Would you give the listing again exactly as written, minus its pictures?
** Opening Stored data block **
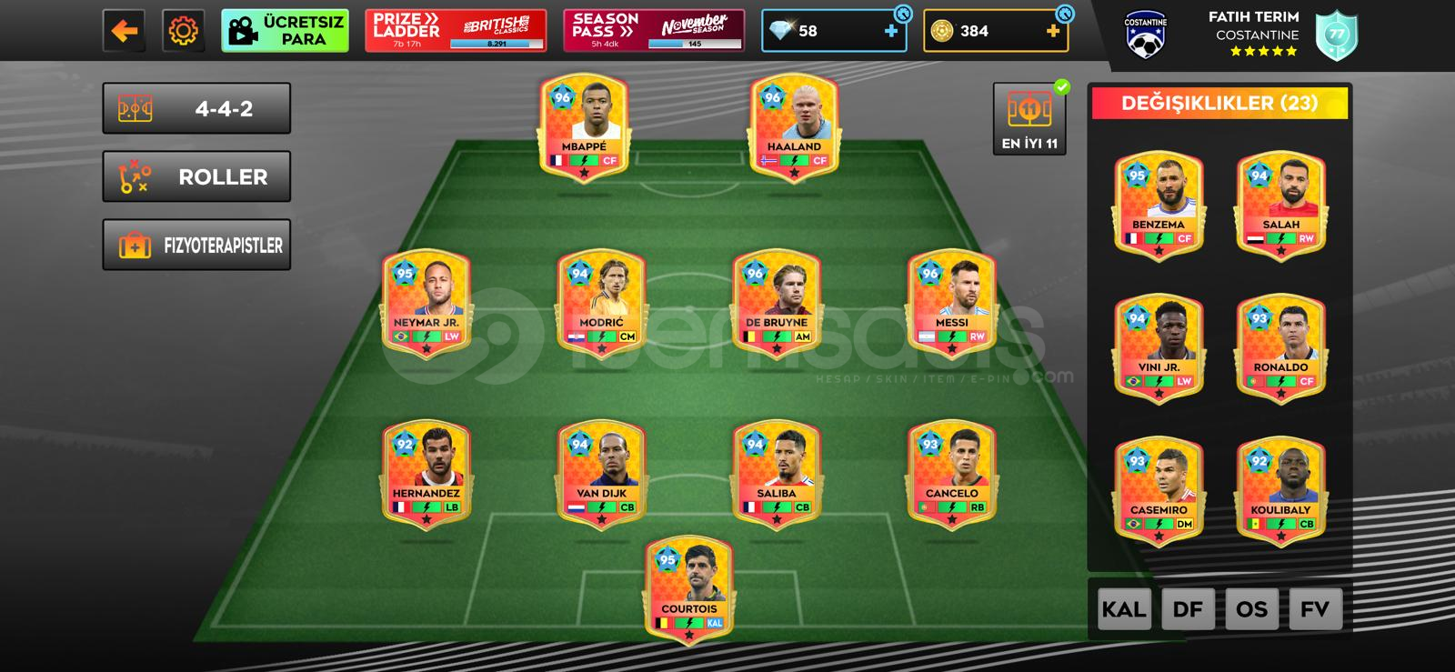 Hesapta var olan tüm oyuncular max yani full seviyededir hiç bir eksiği yok herşeyi ile tam bi hesaptırcostantineshop güvencesi ile.
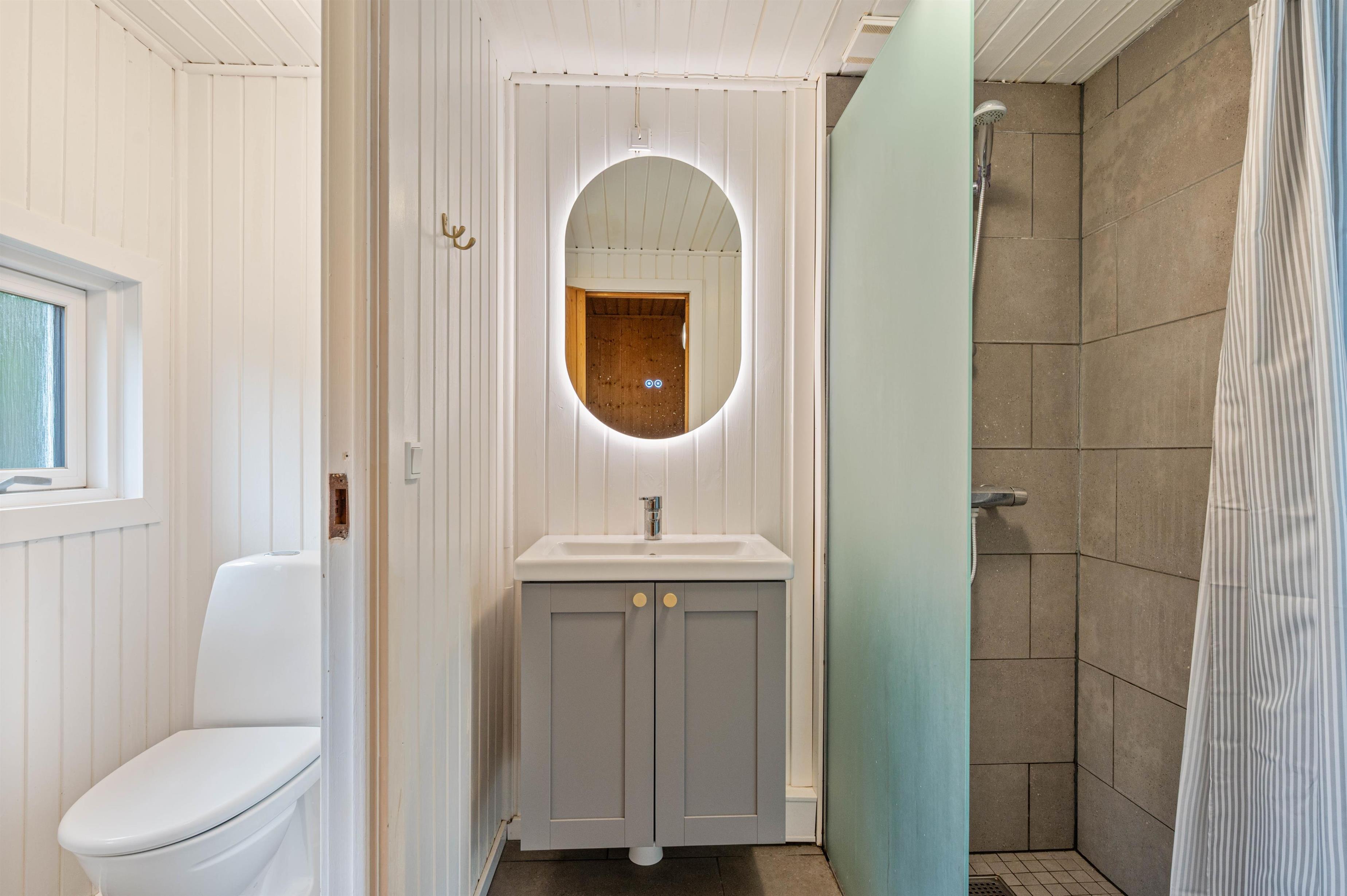I sommerhuset er der 2 badeværelser med gulvvarme. Desuden er der både vaskemaskine og tørretumbler, så I har mulighed for friske håndklæder til morgendagens svømmetur. Måske har I lyst til at svømme nogle baner før morgenmaden, inden dagen starter med fælles aktiviteter i og omkring Blåvand?
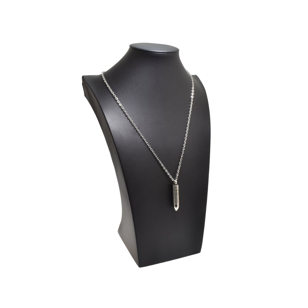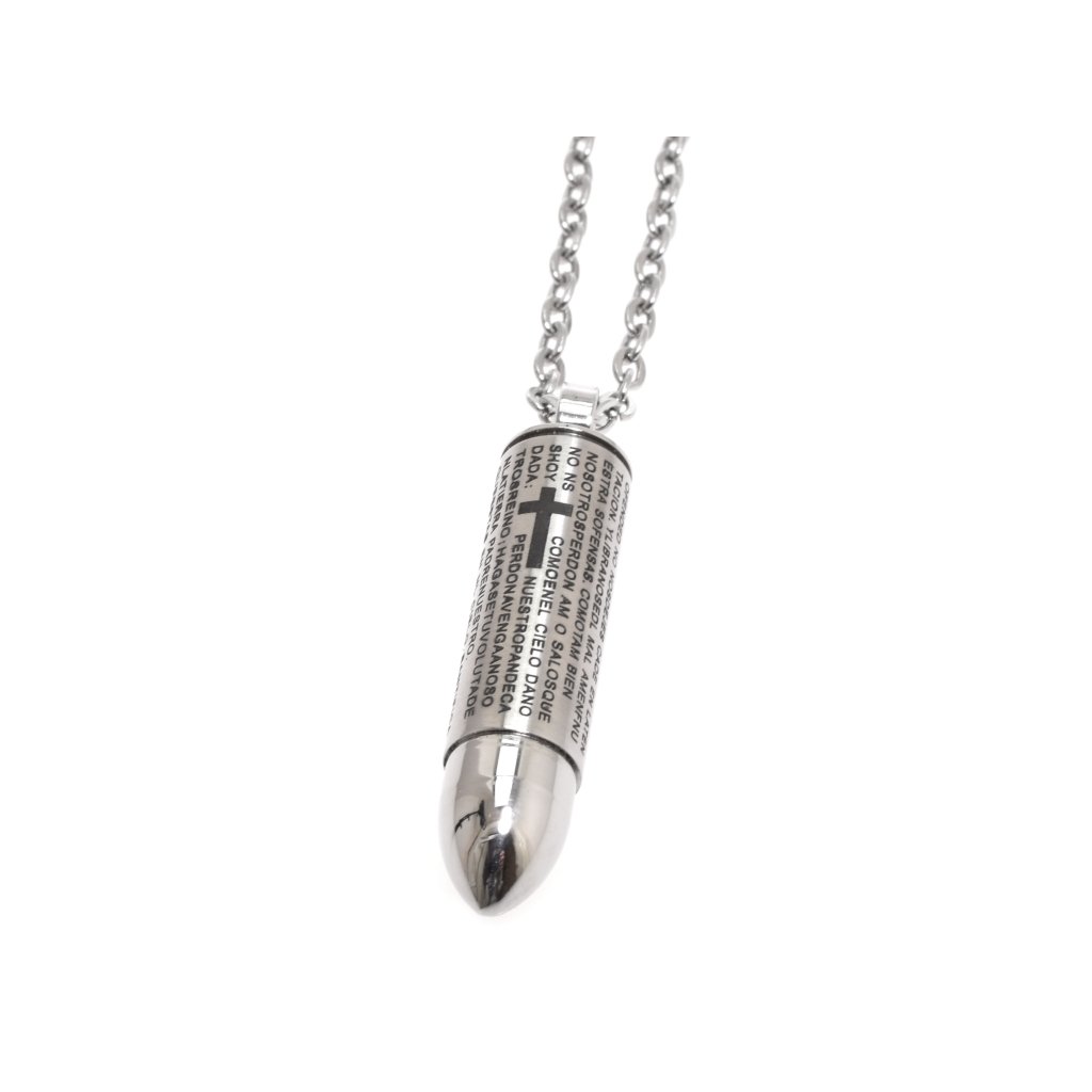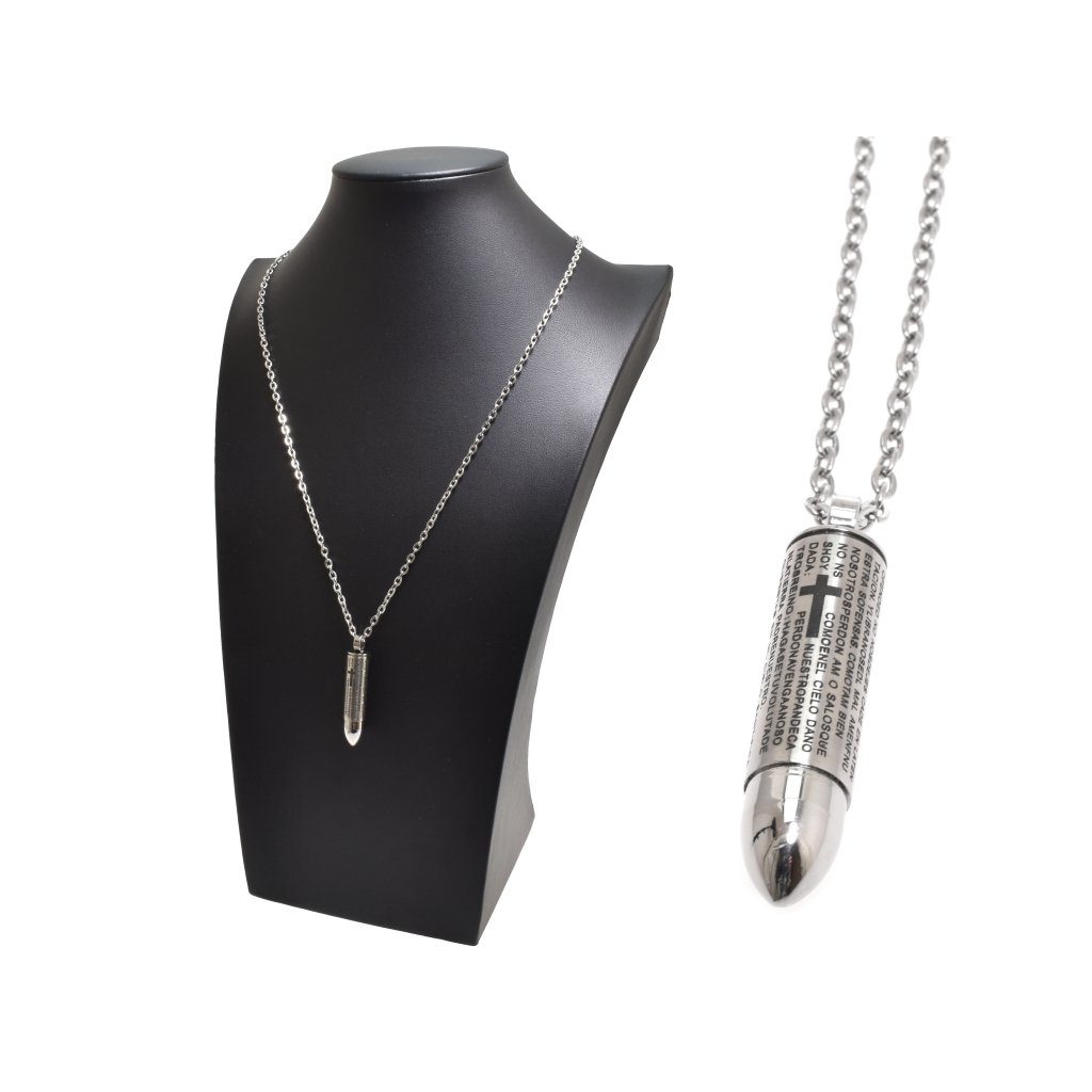 Retiazka so zaujímavým príveskom v tvare náboja v striebornej farbe. Tento prívesok je vhodný pre pánov, ktorí majú radi military štýl, ale aj pre ľudí vyhľadávajúcich šperky s náboženským motívom. Na náboji je kresťanský kríž spolu s modlitbou v španielskom jazyku. Retiazka s príveskom sú vyrobené z chirurgickej ocele, ktorá je vhodná na každodenne nosenie a nepotrebuje špeciálnu starostlivosť. Tento šperk je taktiež vhodný pre všetky vekové kategórie. Pri tomto produkte si viete vybrať dĺžku retiazky ak Vám nevyhovuje jej základná dĺžka.
** Closing Stored data block **
Answer to the problem:
 Hesapta var olan tüm oyuncular max yani full seviyededir hiç bir eksiği yok herşeyi ile tam bi hesaptırcostantineshop güvencesi ile.
I sommerhuset er der 2 badeværelser med gulvvarme. Desuden er der både vaskemaskine og tørretumbler, så I har mulighed for friske håndklæder til morgendagens svømmetur. Måske har I lyst til at svømme nogle baner før morgenmaden, inden dagen starter med fælles aktiviteter i og omkring Blåvand?
 Retiazka so zaujímavým príveskom v tvare náboja v striebornej farbe. Tento prívesok je vhodný pre pánov, ktorí majú radi military štýl, ale aj pre ľudí vyhľadávajúcich šperky s náboženským motívom. Na náboji je kresťanský kríž spolu s modlitbou v španielskom jazyku. Retiazka s príveskom sú vyrobené z chirurgickej ocele, ktorá je vhodná na každodenne nosenie a nepotrebuje špeciálnu starostlivosť. Tento šperk je taktiež vhodný pre všetky vekové kategórie. Pri tomto produkte si viete vybrať dĺžku retiazky ak Vám nevyhovuje jej základná dĺžka.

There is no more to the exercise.